Please contact the听PCI Compliance Specialist听with any questions or to obtain a copy of PCI Compliance Requirements for your department.
- Any organization that is processing credit or credit cards
- Employees who handle payment card data in preson at the point of sale, through mail orders, telephone orders, or online via an e-commerce website
- All employee(s) who receive or transmit cardholder data physically on a paper form or electronically on an e-commerce site
- Employee(s) that utilize a system that processes or stores cardholder data
- Employee(s) that use a device connected to other systems that process or store cardholder data
The outcome of PCI non-compliance will severely impact the University and its Stakeholders. The incident will have the following result:
- If a breach occurs and the merchant or 香港六合彩资料 is found to be non-compliant, the individual card brands can assess fines up to $500,000 per breach.
- 香港六合彩资料 will be responsible for notifying all victims. And the card brands may require the University to pay card replacement costs or reimburse all fraudulent purchases.
- A forensic investigation may be required and conducted by a PCI-approved firm.
- The card brand may require 香港六合彩资料 to validate as a Level 1 merchant, which brings increased assessment requirements and costs. In addition, the monthly fee per department will vary on the volume of transactions per year.
- The card brands can also remove 香港六合彩资料's ability to accept and process cards or charge higher processing fees.
- The reputational damage and loss of trust from customers who may not want to do business with the University again due to lack of security will devastate our industry.
The PCI DSS rules and regulations are mandatory for all merchants and employees with access to cardholder data. Therefore, compliance at 香港六合彩资料 is compulsory and must be administered and adhered to daily. If a merchant or employee (s) violates the PCI DSS rules, the Controller's Office may terminate the department's merchant account.
香港六合彩资料 Visitor's Log
All merchant departments that have payment card terminals are required to keep a current听Visitor Log听with the terminal, which is used to maintain a physical audit trail of visitor activity to the facility where cardholder data is transmitted.

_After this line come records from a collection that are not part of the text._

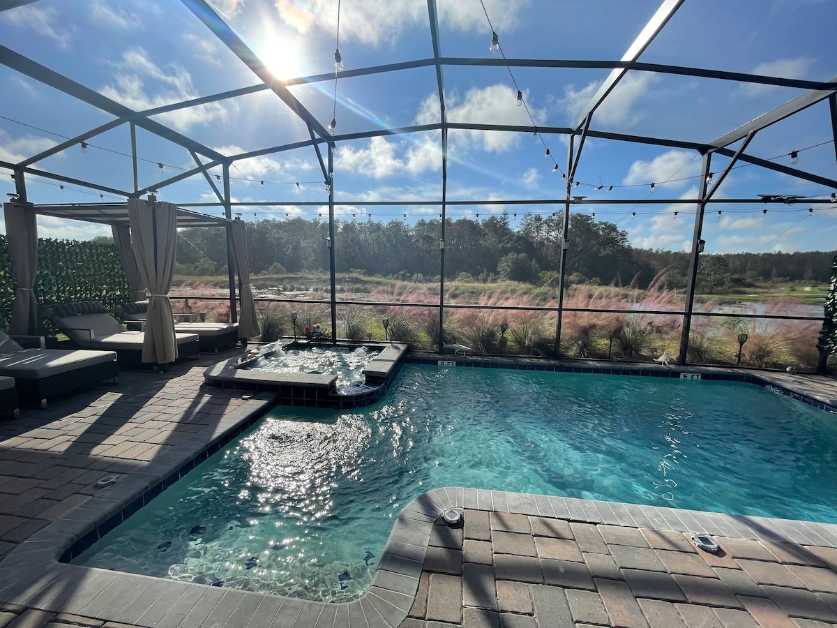 Make memories to last a lifetime in our luxurious seven-bedroom home (sleeps 21) at Orlando's premier vacation community. Enjoy your own Batman cave game room, private pool (heated at no extra charge*), and hot tub. Our 100% Five-Star rating from previous guests and our generous cancellation policy means you can book with confidence. Only 15 minutes to Disney and a short walk to a fabulous resort clubhouse with free access to a lavish pool, kids waterpark, restaurant, playground, gym, and more!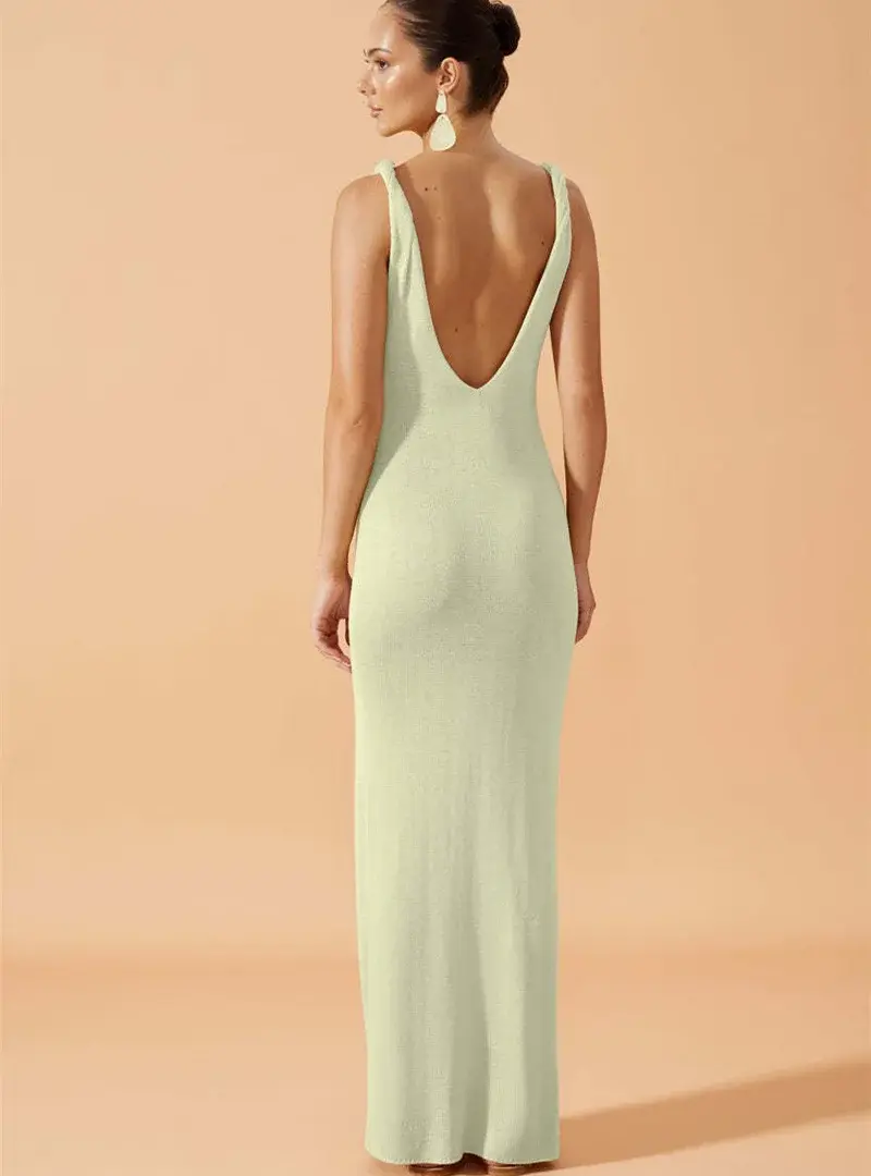 Sleeveless Beach Cover Up Long Dress Backless Knit Dress Sarong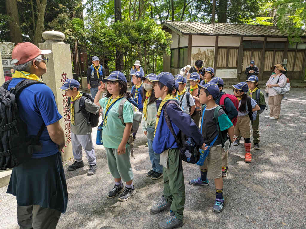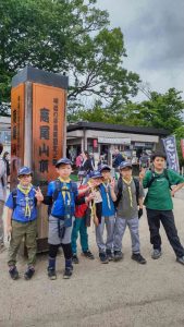 昼食を終えてボーイスカウトにゆかりのある仏舎利塔について隊長からお話がありました。また、東日本大震災の募金活動を継続していますが、慰霊碑の前で黙祷です。

香港六合彩资料 Daily Use/Tamper Log
All merchant departments with payment card terminals are required to protect these devices and to physically inspect them for tampering or device substitution with听this form.
Clover Role & Designation Form
All Merchants that have employees that require access to their department's Clover Flex terminal must submit this form, which assists the PCI Compliance Specialist in assigning individuals access to the department's Clover Flex.听This form must be signed by a supervisor.
At the end of every calendar year, PCI DSS requires the Office of Finance to collect Self-Assessment Questionnaires (SAQs) from each merchant on campus. The SAQs may be found on the听听website.
Bank of America and CampusGuard representatives notifies the Office of Finance about SAQ specifics, due dates, and completion requirements. The PCI Compliance Specialist will be in touch with each merchant department with these specifics annually.
All cashiering transactions performed by University departments must be processed through the Cashiering Office in the Office of Finance. Departments responsible for collecting money must adhere to all applicable state and University policies and procedures.
Please visit our听Departmental Deposit听page for requirements and details on reconciliation reporting and revenue deposits.
Identity Theft Information
A Red Flag is a transaction that a reasonable person should suspect that they may be interacting with an individual using someone else's identity. Learn how to protect yourself and others from crime.